WHEREAS, the Company and RBC have further agreed that, in accordance with the terms set forth herein, and in consideration of purchasing the above shares, the Company will issue to RBC a warrant (“Warrant”) to purchase up to 962,500 shares of Common Stock.

NOW THEREFORE, in consideration of the mutual premises, representations, warranties, covenants and agreements contained herein, and intending to be legally bound hereby, the Parties hereto agree as follows:

 

1. RBC hereby subscribes for and purchases from Company and Company hereby sells to RBC, subject to the terms of this Agreement, Two Million Six Hundred Sixty Seven Thousand Five Hundred and Three (2,667,503) shares of Company’s Common Stock at a purchase price of Twenty Six Cents ($.26) per share resulting in the aggregate purchase price of Six Hundred Ninety Three Thousand Five Hundred and Fifty Dollars and Seventy Eight Cents ($693,550.78) (“Purchase Price”). As a condition precedent to the aforementioned purchase, the Parties shall execute a subscription agreement, the terms and conditions of which shall be reasonably acceptable to Company and shall govern the sale. Within Five (5) business days of all legal requirements for the issuance of said stock having been met, the Company shall deliver to RBC a certificate representing Two Million Six Hundred Sixty Seven Thousand Five Hundred and Three (2,667,503) shares of Common Stock.

 

2. All principal and interest due and payable to RBC under the Note shall be applied to the Purchase Price whereupon the Note shall be paid in full.
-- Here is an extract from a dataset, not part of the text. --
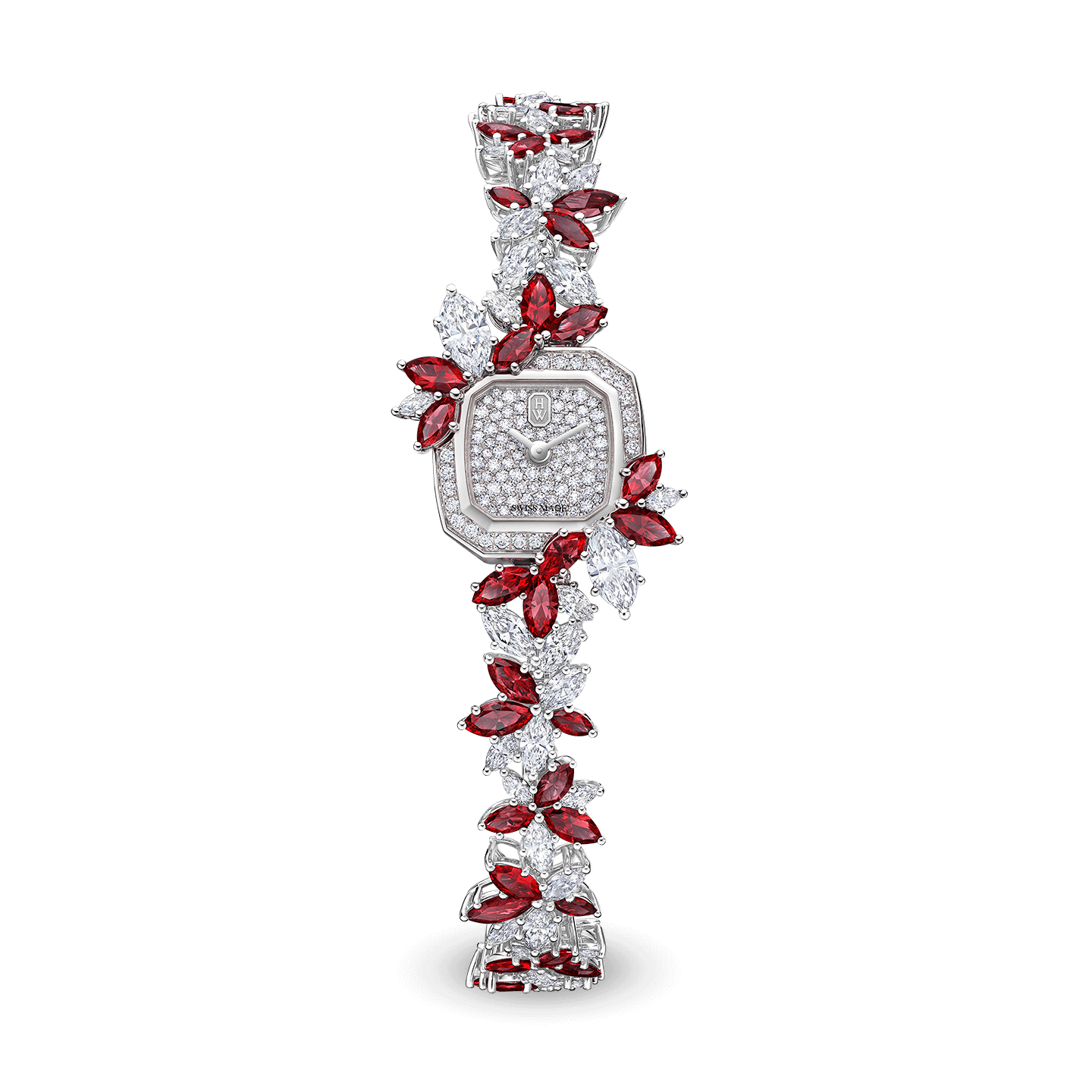 靈感源自大自然,並鑲嵌珍稀頂級的鑽石,Precious Emerald 腕錶優雅呈現海瑞溫斯頓頂級珠寶腕錶系列。此系列腕錶重新演繹品牌最為珍視的設計概念,搭配以鉑金打造的絢麗錶鍊,悉心鑲嵌鑽石與紅寶石,璀璨耀眼,綻放非凡風華。

Upon issuance of the shares, RBC shall promptly mark the original Note paid in full and return it to Company.

 

3. Coincident with the abovementioned stock purchase, Company shall issue to RBC a warrant containing substantially the same terms and conditions as that of the 2009 Warrant, as amended in accordance with this Agreement. This warrant shall be exercisable for up to Nine Hundred Sixty Two Thousand Five Hundred (962,500) shares of Common Stock at an exercise price of $.45 per share (subject to adjustment pursuant to the terms of the warrant, have a cashless exercise provision and a term of five years commencing on date of issuance.

 

   RBC/ Dais    May 12, 2011        


4. In addition, Company and RBC shall (i) amend the 2007 Warrant on the terms set forth in the Amendment to the 2007 Warrant (the “2007 Warrant Amendment”) attached hereto as Exhibit A, and (ii) amend the 2009 Warrant on the terms set forth in the Amendment to 2009 Warrant (the “2009 Warrant Amendment” and, together with the 2007 Warrant Amendment, the “Warrant Amendments”) attached hereto as Exhibit B.

 

5. No change, modification of or alteration to this Agreement of any nature shall be effective unless first made in writing and signed by each Party.

 

6. If any covenant or other provision of this Agreement is invalid, illegal, or incapable of being enforced by reason of any rule of law or public policy, then such covenant or other provision will be modified, if possible, to the extent necessary to make it legal and enforceable or, if necessary, severed from the agreement and in the latter event the Agreement will be construed as if such invalid, illegal, or unenforceable covenant or provision had never been contained in this Agreement and all other provisions shall remain in full force and effect.

 

7. This Agreement contains the entire agreement of the Parties and supersedes all previous proposals, both oral and written, negotiations, representations, commitments, writings and all other communications by the Parties. It may be changed only by an agreement in writing signed both Parties. The language in all parts of this Agreement shall in all cases be construed simply, as a whole and not strictly for or against any Party.

 

8. A waiver by a Party of a breach of any provision of this Agreement by the other shall not operate or be construed as a waiver of any subsequent breach by the other Party.

 

9. This Agreement shall be governed by, and construed and enforced in accordance with the laws of the State of New York, not including, however, any conflict of laws rule of such State which may direct the application of the laws of any other jurisdiction. Each Party agrees to submit to the jurisdiction of the courts of the State of New York. Any award hereunder shall be final and binding upon the Parties and may, if necessary, be enforced by any court or other competent authority.

 

10. The undersigned acknowledges and agrees that the Company shall not be responsible for any “short- swing profit” liability pursuant to Section 16(b) of the Exchange Act of 1934 as a result of this Agreement. Further, the undersigned acknowledges that the Company or its counsel has not advised the undersigned with respect to any “short swing profit liability” under Section 16(b) of the Exchange Act of 1934, if any.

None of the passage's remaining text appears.